それも、組織単位ではなく、プロジェクト単位の取り組みである。プロジェクトは「集団」ではなくて、「個」の集まりだ。
仕事は組織でするのではなく、「人」がするものというのが、「ソニーの法則」である。
ここに、名の知れたプロジェクトリーダーがいる。
「始めるのは上手だけど、まだ儲けてないよねといわれていますよ」と苦笑する達人こと事業開発プラットフォーム新規事業探索部門コーポレートプロジェクト推進部統括部長の小松正茂(49)だ。

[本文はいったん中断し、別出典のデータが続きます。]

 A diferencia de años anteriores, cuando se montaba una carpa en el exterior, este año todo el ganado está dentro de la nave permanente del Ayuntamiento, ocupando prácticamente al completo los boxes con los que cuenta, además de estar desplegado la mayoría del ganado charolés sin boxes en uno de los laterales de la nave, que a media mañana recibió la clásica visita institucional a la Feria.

彼がいま、精力的に取り組んでいるのは、スポーツエンタテインメントビジネスの創造だ。彼は、同部門のスポーツエンタテインメント推進準備室統括部長でもある。
■15兆円の巨大市場
ご存じのように、スポーツイベントは、新型コロナウイルスの影響により、国内外ともに壊滅的な打撃を受けた。密集を避けるため、観戦は中止または入場制限が行われた。チケット収入は激減し、物販も減る一方だった。

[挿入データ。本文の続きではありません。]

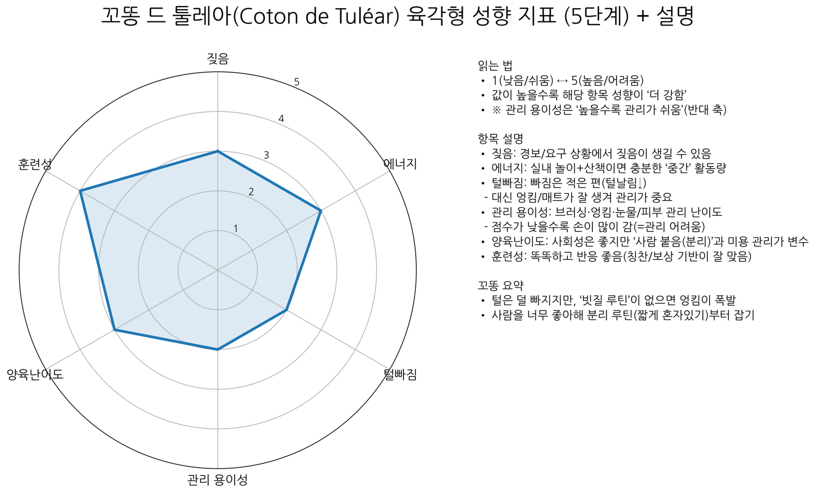 꼬똥은 “훈련이 어려운 견종”이라기보다, 분리(혼자 쉬기) + 그루밍 협조를 안 잡아두면 생활이 어려워지는 견종이에요.
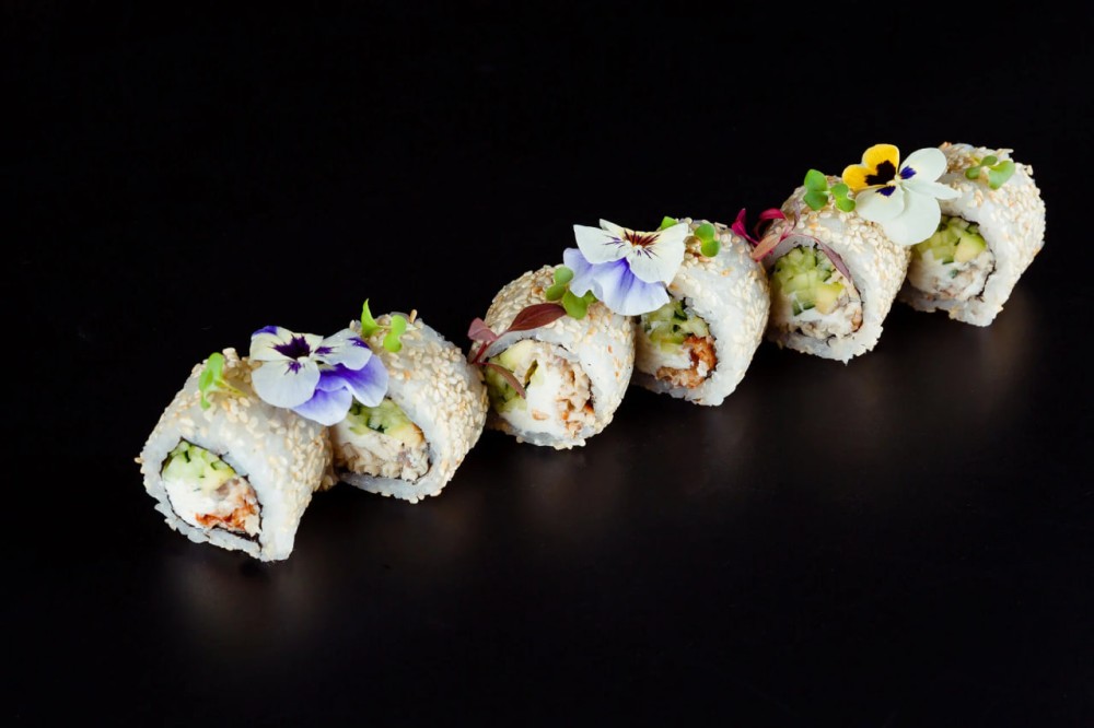 Копченный угорь, авокадо, сыр творожный, огурцы, суши рис, нори, кунжут
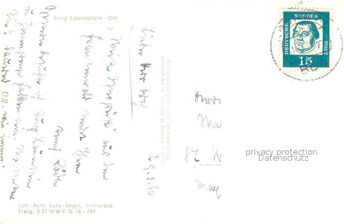 73708848 alte Postkarte Lauenstein Oberfranken Burg Lauenstein postalisch gelaufen Fliegeraufnahme Erhaltung siehe scans [FriedD77] KatCode: 11110009476152
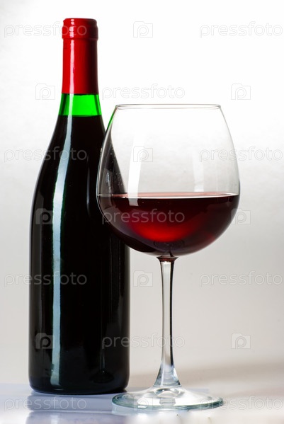 Винная бутылка и бокал, наполненный вином, изолированные на белом
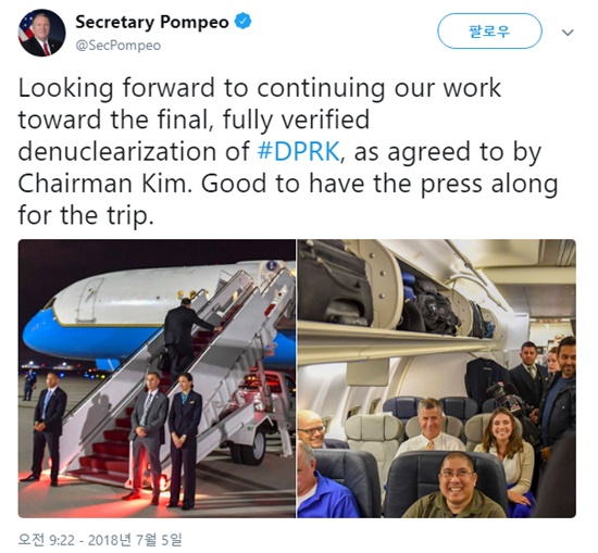 5일(현지시간) <ABC> 방송에 따르면, 헤더 노어트 국무부 대변인과 알렉스 웡 동아태 부차관보, 성김 대사와 앤드루김 센터장 등이 폼페이오 장관을 수행하고 있다. 국무부를 출입하는 기자들도 동행 취재 중이다.
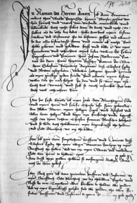 Das Stadtarchiv bewahrt eine große Zahl von Testamenten vor allem aus dem 16. und 17. Jahrhundert auf. In dieser Zeit hatte der Rat auch gerichtliche Aufgaben, so daß Bürgerinnen und Bürger ihre Testamente, wenn sie sie nicht in der Familie lassen wollten, dem Rat zur Ausführungskontrolle übergeben konnten. Diese dem Rat übergebenen Testamente heißen öffentliche Testamente. Leider sind private Testamente im Stadtarchiv nicht überliefert. So ist nicht einmal ihre Zahl bekannt. Das Testament von Anna Bennemans gehört noch einer Epoche an, in der Testatorinnen und Testatoren mehr für religiöse als für soziale Zwecke stifteten. Aber wenig später, um 1570, kehrte sich das Verhältnis um. Seitdem wurde mehr für soziale als für religiöse Zwecke gestiftet. |
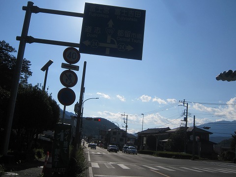 14:29 県道24号線へ 都留バイパスに入り南西に進むこと6km弱、山梨県道24号都留道志線へ接続する交差点までやってきました。 さっきから、道路看板のところにくると逆光ですね。 見難いったらありゃしない! (`Д´) ここを右折して県道24号線で道志方面に向かいます。 |

しかしながら、ピンチはチャンスである。試算によると、日本におけるスポーツビジネスの市場規模は、2025年には15兆円になると予想されている。スポーツは今日、エンタテインメントの代表的な存在である。
ソニーは、ハードの先端技術はもとより、音楽や映画、ゲームの分野でソフト技術を磨いてきた。それを活かせば、新たなスポーツエンタテインメントを創造できる。
ソニーは20年10月、Jリーグの横浜F・マリノスと「テクノロジー&エンタテインメント分野でパートナーシップに向けた意向確認書」を結んだ。それは思わぬビジネスへと進展する。